Credit: One Dawn Studios via Twitter

A studio called One Dawn has been hard at work for the past year or so working on a top-down military experience that will have you sweating and shooting bullets.  Titled Operation: Valor, One Dawn is looking at bringing warfare away from the standard genre of first-person shooters that all herald gritty violence and constant knifings gone awry, for a more birds-eye view of the ever-shifting battlefields that are a bit more true-to-life.

It’s definitely not a take for everyone, but from what One Dawn Studios has shown on their Twitter feed thus far, it’s smart to keep the fingers on its pulse as it crawls ever-closer to an actual release.  The title already has a Steam page up that’s noticeably barren save for a singular image, and the studio has claimed its intent multiple times for starting up a Kickstarter to get the title some funding to help flesh out the bones already in place.  While the first mention of the Kickstarter originally was marked for 2019, One Dawn has suppressed that into the current timeframe of Q2/Q3 of 2020.

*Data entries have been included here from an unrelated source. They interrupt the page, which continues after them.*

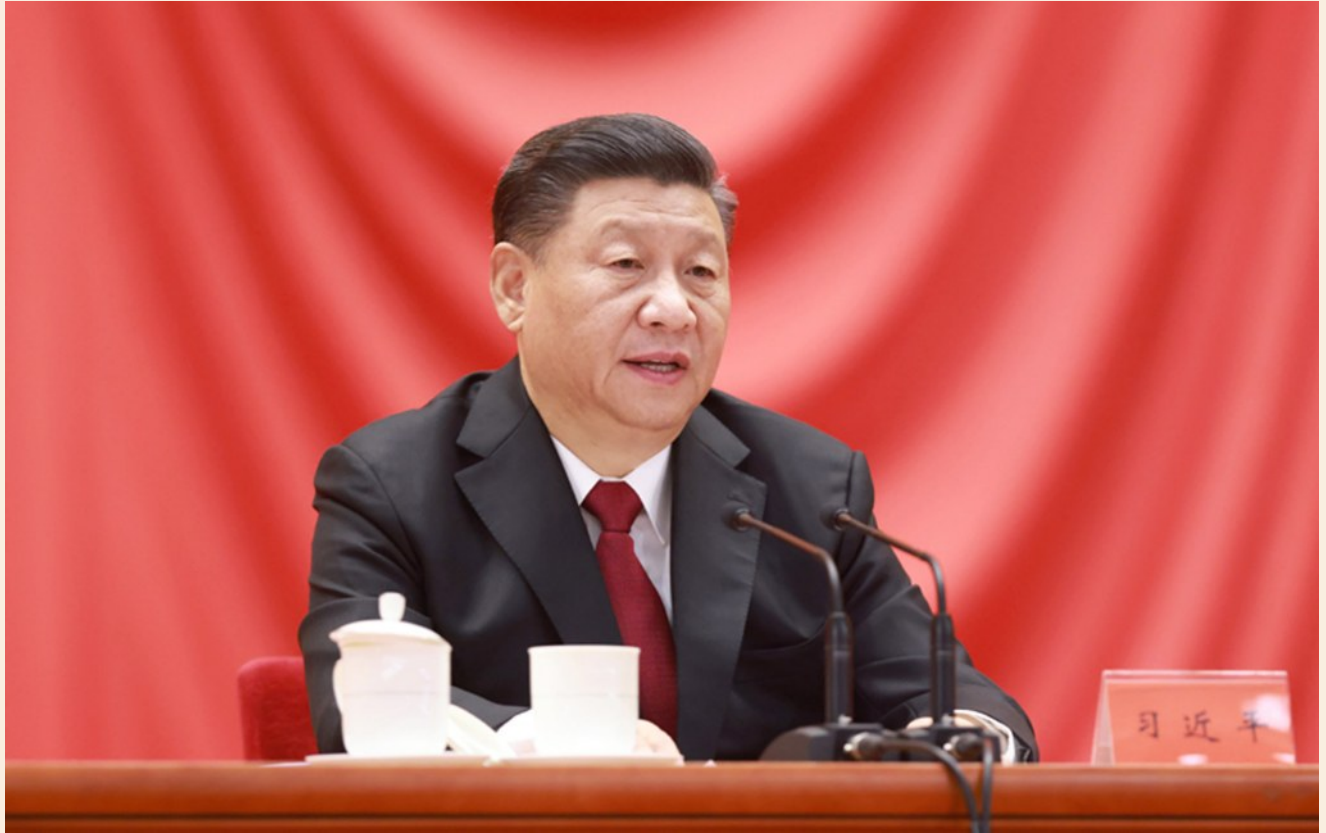
中共中央总书记、国家主席、中央军委主席习近平出席全国劳动模范和先进工作者表彰大会并发表重要讲话。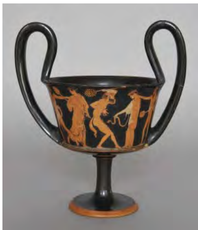
Canthare à figures rouges, Satyres et ménades , attribué au peintre de Penthésilée, Athènes, 470-450 av. J.-C. BnF, dép. des Monnaies, médailles et antiques

Dionysos, dieu du vin et d'ivresse, du théâtre et de l'illusion, est omniprésent sur les vases destinés majoritairement à la consommation du vin. Il avance entouré d'un joyeux cortège, le thiasos , où évoluent les ménades et les satyres, mi-hommes mi-chevaux. Tous goûtent aux plaisirs de l'ivresse, des rencontres, de la musique et de la danse, dans une frénésie qui peut parfois devenir sauvage.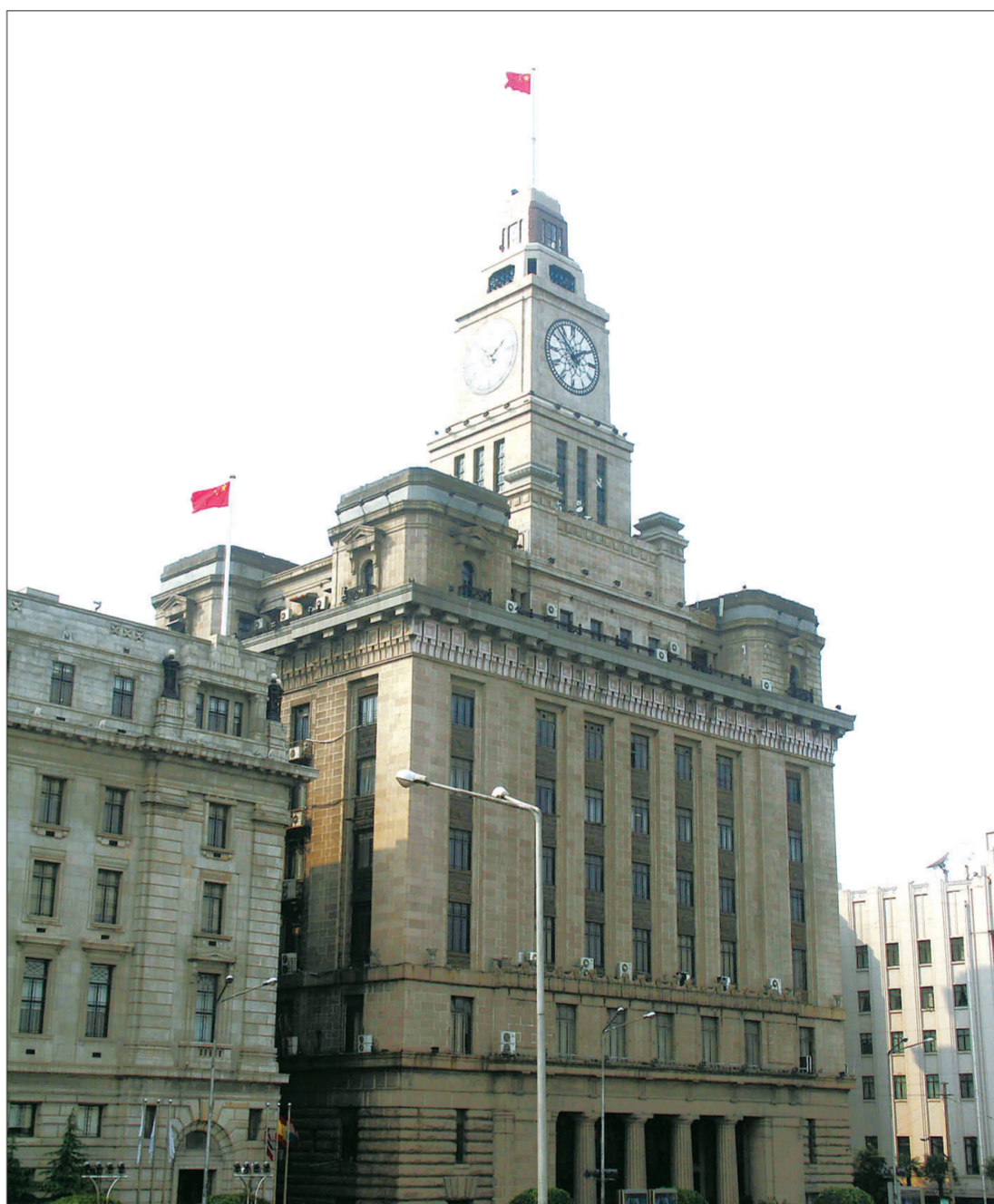
整治修复后的上海外滩海关钟楼

上海新静安建筑材料有限公司代理的“绿可”木产品符合世博的主题思想“城市让生活更美好”。“绿可”生态木景观配套产品中的户外地板系列产品的自然性能可以有效减少阳光的反射,吸收紫外线和红外的辐射,赋予应用部位以活力,并成为明亮而开放的空间;“绿可”生态木户外地板能使混凝土上的空气温暖凉爽,具有调节温度的效果,雨水可以从地板间隙流入地面,有着良好的排水性和透气性;“绿可”生态木地板安装简单,谁都能完成组装拼接式地板,真正实现DIY的梦想。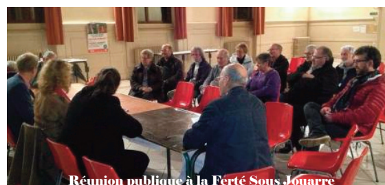
Réunion publique à la Ferté Sous Jouarre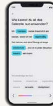
Audioformat: Alle interaktiven Einheiten sind auch als Format zum Hören verfügbar.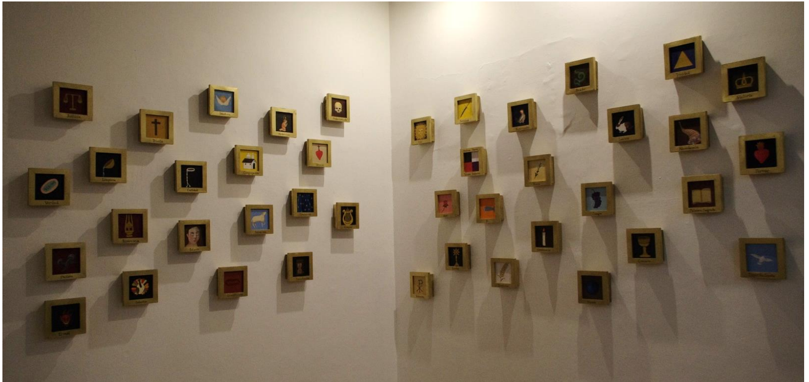
Emilia Egas, Iconografías, 2016

This is likely where you come in; One Dawn is looking for fans of the genre to help in the Closed Alpha test that is coming up shortly to help the title finally come to Kickstarter.

It’s an easy opportunity to sink your teeth into what warfare meat is already present, and also help guide the title to success with your input.  Granted, Alpha testing doesn’t mean that you’re simply going to play a game until you want to explore something else; it’s a sort of pledge that many take to help developers up there titles standards and deliverables.

In Closed Alpha’s, you can typically expect a heavy slew of bugs that you’ll need to adequately note in regards to the cause and effect (meaning you’ll need to intentionally trigger bugs multiple times), the title crashing to desktop, placeholder elements that end up increasing the difficulty as you try to chew through a hard area with no UI, and all sorts of unspeakable things that would cause a normal human to throw their keyboard across the room.

In exchange, you get to influence a game from its early life into a complete title, experience development patterns and help bolster your resume if this is the kind of task that you find yourself enjoying.  With patience and solid writing skills, you can offer your services to studios internationally in a much-needed experience; a great foot in the door of game development yourself.

If it looks like a title that you’d be interested in yourself, there’s little reason to not hop in and at least try to mature the title a bit.  Just know what you’re signing up for, which is a statement that military recruiters should use a bit more liberally.